Problem requirements => Leave every picture out and write out the records below exactly.

+ + + + + + +

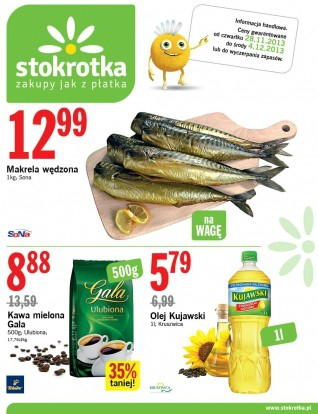 Nowa gazetka promocyjna sieci handlowej Stokrotka. Polecane promocje z gazetki Stokrotka: Makrela wędzona 1 kg - 12,99 zł. Kawa mielona Gala 500 g - 8,88 zł. Olej Kujawski 1 L - 5,79 zł. Oferta ważna od 28.11…
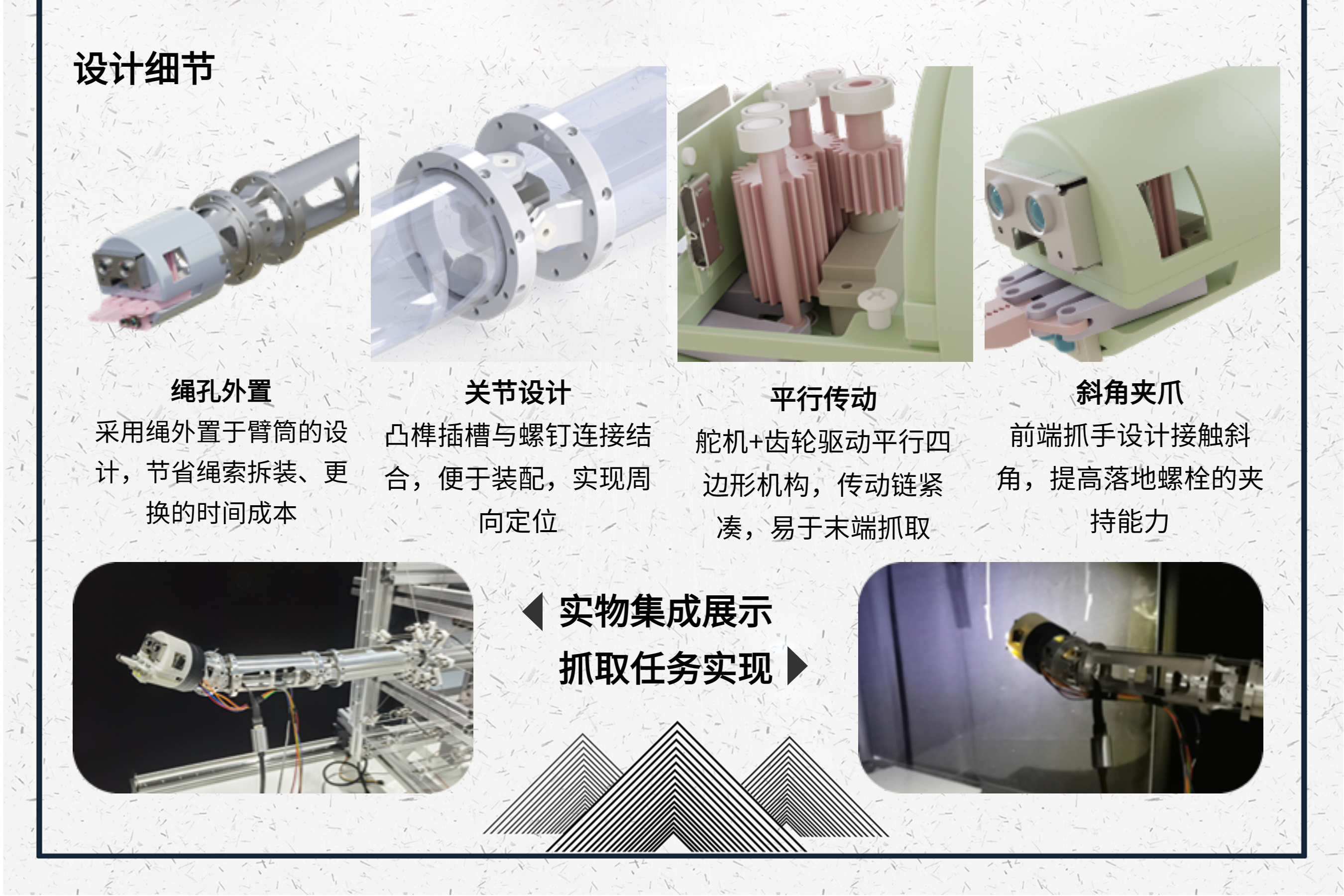 本项目实现了以下成果:蛇形机械臂臂筒机构优化能够解决驱动绳快速拆装问题,并实现轻量化设计,使得臂体具有更高的机构强度、更好的可加工性和可维修性。蛇形机械臂末端装置能够进行更为集成化、小型化、轻质化的设计,提高蛇形机械臂的灵巧性、承载能力,同时实现如遗落物抓取、双目测距等多项工作。模块化架构解决了安装便捷性和经济性方面的不足,对力学信息、视觉信息进行了集成化分析处理,提升多余物夹取的效率与成功率。
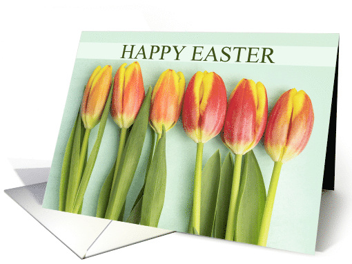 Six red and yellow tulips in a row photographed on a light spring green color is a lovely way to wish anyone a Happy Easter.
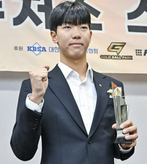 이러한 모습을 바탕으로 황준서는 2024 신인드래프트에서 전체 1순위로 한화에 부름을 받았습니다. 이번 2023 퓨처스 스타대상에서는 인천고 김택연(두산 베어스 지명), 마산용마고 장현석(LA 다저스 입단) 등 쟁쟁한 경쟁자들을 제치고 영예의 대상을 수상했습니다. 황준서는 트로피와 함께 300만원 상당 스포츠용품 교환권을 받았습니다.
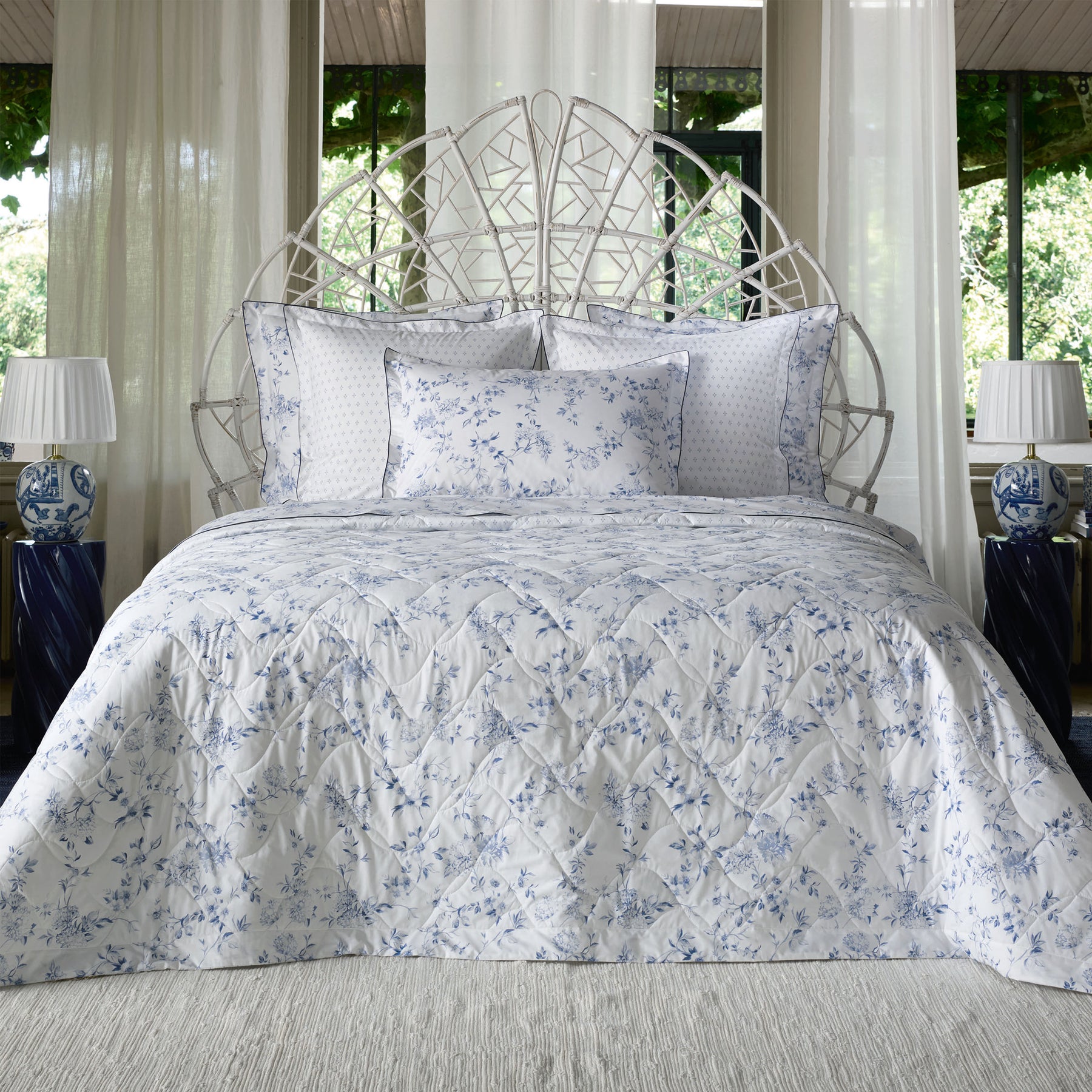The sea routes discovered in the 15th century by the navigator Vasco da Gama, linking Europe to the East Indies, influenced European culture with exotic textiles and ceramics. The inspiration from porcelain, with delicate floral details, because an unavoidable must-have. The Indian Ocean, the China Sea, the Strait of Malacca, the Bay of Bengal - all exotic names that inspire dreams. Malacca coverlet have a blue-on-white design of Eglantine and Dahlia flowers, done in a painterly way, on one side and a stylized earthy ware design on the other side. It is framed with the earthy ware tiles print and the coverlets have a spherical quilted stitch embellishment.

+ + + + + + +

Task answer =>
 Nowa gazetka promocyjna sieci handlowej Stokrotka. Polecane promocje z gazetki Stokrotka: Makrela wędzona 1 kg - 12,99 zł. Kawa mielona Gala 500 g - 8,88 zł. Olej Kujawski 1 L - 5,79 zł. Oferta ważna od 28.11…
 本项目实现了以下成果:蛇形机械臂臂筒机构优化能够解决驱动绳快速拆装问题,并实现轻量化设计,使得臂体具有更高的机构强度、更好的可加工性和可维修性。蛇形机械臂末端装置能够进行更为集成化、小型化、轻质化的设计,提高蛇形机械臂的灵巧性、承载能力,同时实现如遗落物抓取、双目测距等多项工作。模块化架构解决了安装便捷性和经济性方面的不足,对力学信息、视觉信息进行了集成化分析处理,提升多余物夹取的效率与成功率。
 Six red and yellow tulips in a row photographed on a light spring green color is a lovely way to wish anyone a Happy Easter.
 이러한 모습을 바탕으로 황준서는 2024 신인드래프트에서 전체 1순위로 한화에 부름을 받았습니다. 이번 2023 퓨처스 스타대상에서는 인천고 김택연(두산 베어스 지명), 마산용마고 장현석(LA 다저스 입단) 등 쟁쟁한 경쟁자들을 제치고 영예의 대상을 수상했습니다. 황준서는 트로피와 함께 300만원 상당 스포츠용품 교환권을 받았습니다.
The sea routes discovered in the 15th century by the navigator Vasco da Gama, linking Europe to the East Indies, influenced European culture with exotic textiles and ceramics. The inspiration from porcelain, with delicate floral details, because an unavoidable must-have. The Indian Ocean, the China Sea, the Strait of Malacca, the Bay of Bengal - all exotic names that inspire dreams. Malacca coverlet have a blue-on-white design of Eglantine and Dahlia flowers, done in a painterly way, on one side and a stylized earthy ware design on the other side. It is framed with the earthy ware tiles print and the coverlets have a spherical quilted stitch embellishment.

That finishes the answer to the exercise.